6. **Model Evaluation**:

  - **Choosing Appropriate Metrics**: Since the dataset is imbalanced, accuracy is not a good primary evaluation metric. A model that predicts 'non-responder' for all customers would have 95% accuracy. Focus on metrics that are sensitive to the performance on the minority class:
      - **Precision**: Out of all customers predicted as responders, how many actually responded? High precision is important if false positives (contacting non-responders) are costly.
      - **Recall (Sensitivity)**: Out of all actual responders, how many did the model correctly identify? High recall is important if false negatives (missing potential responders) are costly. In a marketing campaign, recall is often very important to capture as many potential responders as possible, even if it means contacting some non-responders.
      - **F1-Score**: The harmonic mean of precision and recall. A good balance between the two. Useful when you need a balance.
      - **ROC-AUC**: Measures the model's ability to distinguish between the positive and negative classes across different probability thresholds. A higher AUC indicates better discriminative power.
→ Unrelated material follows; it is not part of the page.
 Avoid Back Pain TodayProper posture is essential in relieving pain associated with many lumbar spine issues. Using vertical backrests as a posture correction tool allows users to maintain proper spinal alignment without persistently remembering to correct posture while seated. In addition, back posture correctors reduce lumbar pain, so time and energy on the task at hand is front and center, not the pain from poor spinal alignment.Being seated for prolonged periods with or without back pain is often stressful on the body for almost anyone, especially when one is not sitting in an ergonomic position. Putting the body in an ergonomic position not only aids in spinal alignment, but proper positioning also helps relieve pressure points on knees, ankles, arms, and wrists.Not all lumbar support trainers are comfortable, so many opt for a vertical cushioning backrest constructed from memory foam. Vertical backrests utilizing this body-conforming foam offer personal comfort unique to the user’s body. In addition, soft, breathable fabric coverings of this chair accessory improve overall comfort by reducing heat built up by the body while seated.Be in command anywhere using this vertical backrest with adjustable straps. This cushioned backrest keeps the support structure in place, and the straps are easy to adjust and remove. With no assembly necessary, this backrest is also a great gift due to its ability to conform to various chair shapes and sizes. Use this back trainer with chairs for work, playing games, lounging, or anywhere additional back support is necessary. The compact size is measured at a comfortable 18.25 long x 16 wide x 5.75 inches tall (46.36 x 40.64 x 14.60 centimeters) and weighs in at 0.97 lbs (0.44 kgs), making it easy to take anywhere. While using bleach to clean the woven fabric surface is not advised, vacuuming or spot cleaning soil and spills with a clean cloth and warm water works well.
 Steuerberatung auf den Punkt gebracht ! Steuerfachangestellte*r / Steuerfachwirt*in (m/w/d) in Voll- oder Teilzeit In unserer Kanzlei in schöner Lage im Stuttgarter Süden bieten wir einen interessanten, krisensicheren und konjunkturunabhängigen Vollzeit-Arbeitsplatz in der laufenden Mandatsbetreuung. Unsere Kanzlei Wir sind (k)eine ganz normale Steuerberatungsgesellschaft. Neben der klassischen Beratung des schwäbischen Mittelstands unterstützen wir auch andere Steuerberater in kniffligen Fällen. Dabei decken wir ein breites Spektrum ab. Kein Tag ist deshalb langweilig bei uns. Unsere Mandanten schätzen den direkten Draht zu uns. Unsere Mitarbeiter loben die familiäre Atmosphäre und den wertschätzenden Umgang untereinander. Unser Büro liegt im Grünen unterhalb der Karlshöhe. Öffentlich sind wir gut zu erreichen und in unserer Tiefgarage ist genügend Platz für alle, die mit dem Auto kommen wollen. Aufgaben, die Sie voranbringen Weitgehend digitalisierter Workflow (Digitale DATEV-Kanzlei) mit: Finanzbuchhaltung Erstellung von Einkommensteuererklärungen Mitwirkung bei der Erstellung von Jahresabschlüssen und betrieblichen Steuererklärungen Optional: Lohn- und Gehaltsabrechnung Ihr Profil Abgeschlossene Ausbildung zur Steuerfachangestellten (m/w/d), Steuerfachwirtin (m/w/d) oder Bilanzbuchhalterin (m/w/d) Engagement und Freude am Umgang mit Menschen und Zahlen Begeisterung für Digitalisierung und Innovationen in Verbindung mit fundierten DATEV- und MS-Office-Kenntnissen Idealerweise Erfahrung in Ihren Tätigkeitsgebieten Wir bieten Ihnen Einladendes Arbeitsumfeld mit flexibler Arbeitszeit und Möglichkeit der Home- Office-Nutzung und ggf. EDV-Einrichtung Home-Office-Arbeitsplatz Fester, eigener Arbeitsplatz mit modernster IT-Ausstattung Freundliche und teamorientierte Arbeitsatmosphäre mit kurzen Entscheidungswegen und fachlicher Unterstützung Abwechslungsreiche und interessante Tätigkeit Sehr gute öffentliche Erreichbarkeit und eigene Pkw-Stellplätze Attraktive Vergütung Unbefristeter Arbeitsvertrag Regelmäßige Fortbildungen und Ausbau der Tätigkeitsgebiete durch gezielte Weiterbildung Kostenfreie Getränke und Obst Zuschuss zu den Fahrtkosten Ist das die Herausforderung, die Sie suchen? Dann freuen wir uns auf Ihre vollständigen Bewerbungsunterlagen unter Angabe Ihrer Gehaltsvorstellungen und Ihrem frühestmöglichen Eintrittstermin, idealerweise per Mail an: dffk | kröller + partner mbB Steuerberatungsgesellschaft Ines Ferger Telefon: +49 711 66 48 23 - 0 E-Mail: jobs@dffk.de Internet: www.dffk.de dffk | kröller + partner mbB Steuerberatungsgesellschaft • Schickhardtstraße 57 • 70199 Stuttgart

This is often a good overall metric for imbalanced data.
      - **Confusion Matrix**: Provides a detailed breakdown of true positives, true negatives, false positives, and false negatives.
  - **Evaluation on Test Set**: Evaluate the best model found during hyperparameter tuning on the held-out test set using the chosen metrics. The test set provides an unbiased estimate of the model's performance on unseen data.

7. **Threshold Adjustment**:

    - **Optimizing for the Business Goal**: The default probability threshold for classification is 0.5. However, in an imbalanced scenario, you can adjust this threshold based on the business objective.
      - If you prioritize recall (finding more responders), you might lower the threshold.
      - If you prioritize precision (minimizing contact with non-responders), you might raise the threshold.
      - Analyze the Precision-Recall curve or ROC curve to determine the optimal threshold that balances the trade-off between precision and recall for the specific campaign goals (e.g., maximizing the number of responders contacted while keeping the cost of contacting non-responders manageable).

**Summary**:

Building a Logistic Regression model for an imbalanced marketing campaign dataset involves standard data processing, crucial handling of class imbalance (using techniques like class weights or resampling), hyperparameter tuning using appropriate metrics like F1-score or ROC-AUC, and careful evaluation on a held-out test set. Finally, adjusting the prediction threshold based on the business objective (balancing precision and recall) is key to deploying an effective model.